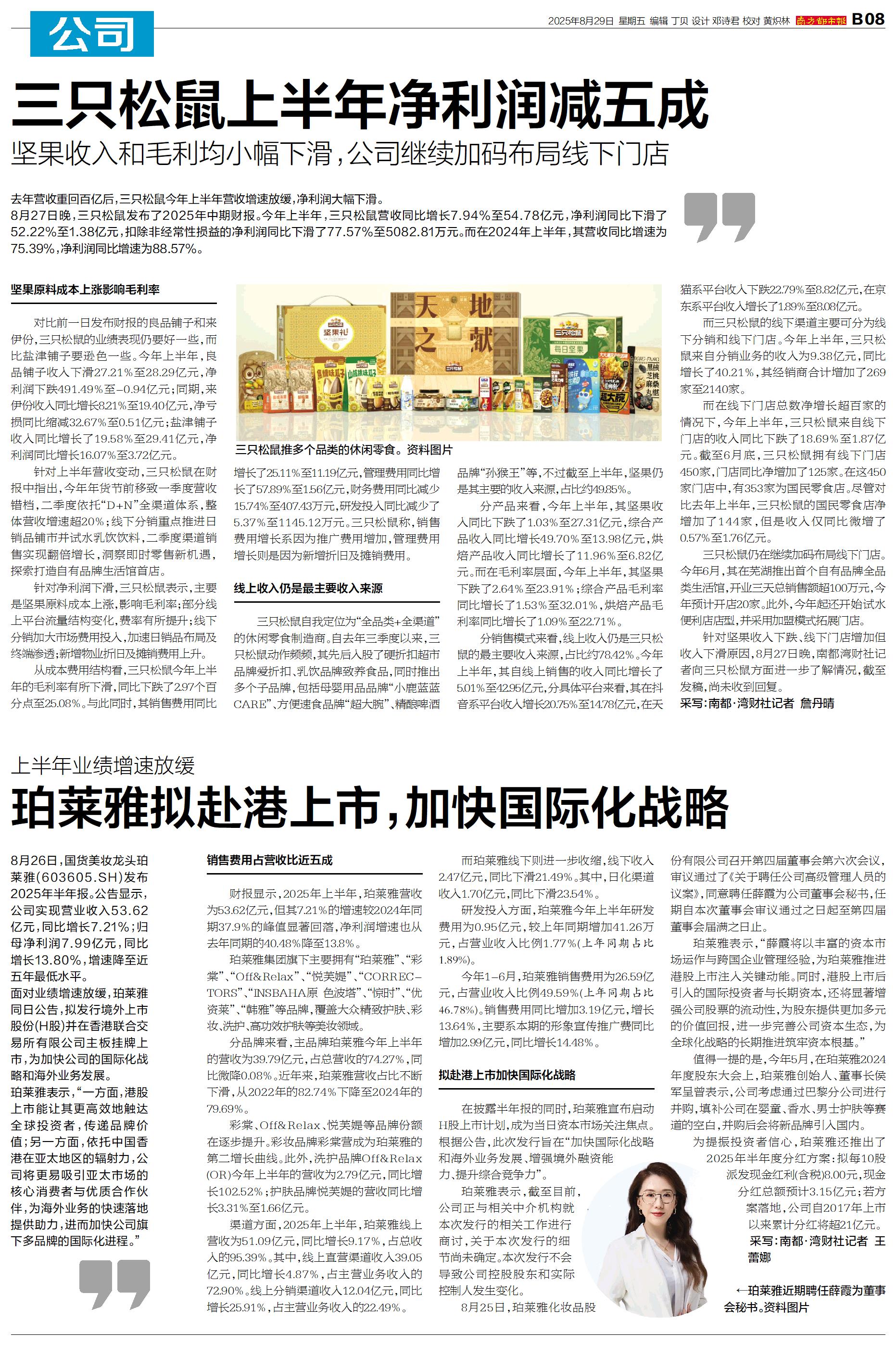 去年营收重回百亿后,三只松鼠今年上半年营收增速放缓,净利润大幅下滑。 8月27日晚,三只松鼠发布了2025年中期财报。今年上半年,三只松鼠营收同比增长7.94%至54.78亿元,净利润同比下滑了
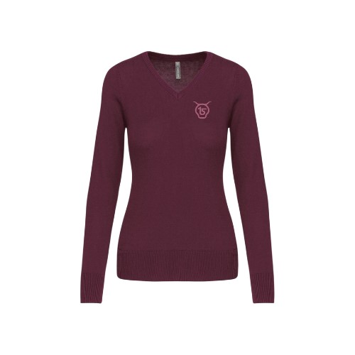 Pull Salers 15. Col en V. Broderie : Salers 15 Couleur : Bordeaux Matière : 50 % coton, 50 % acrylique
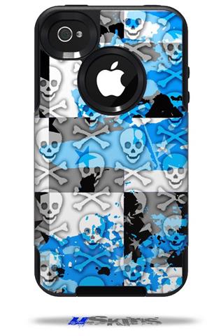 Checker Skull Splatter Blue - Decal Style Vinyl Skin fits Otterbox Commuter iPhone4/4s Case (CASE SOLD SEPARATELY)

TO DO:
Take the listing and print it again exactly, but without any pictures.

YOUR RESPONSE:
 去年营收重回百亿后,三只松鼠今年上半年营收增速放缓,净利润大幅下滑。 8月27日晚,三只松鼠发布了2025年中期财报。今年上半年,三只松鼠营收同比增长7.94%至54.78亿元,净利润同比下滑了
 Pull Salers 15. Col en V. Broderie : Salers 15 Couleur : Bordeaux Matière : 50 % coton, 50 % acrylique
 Checker Skull Splatter Blue - Decal Style Vinyl Skin fits Otterbox Commuter iPhone4/4s Case (CASE SOLD SEPARATELY)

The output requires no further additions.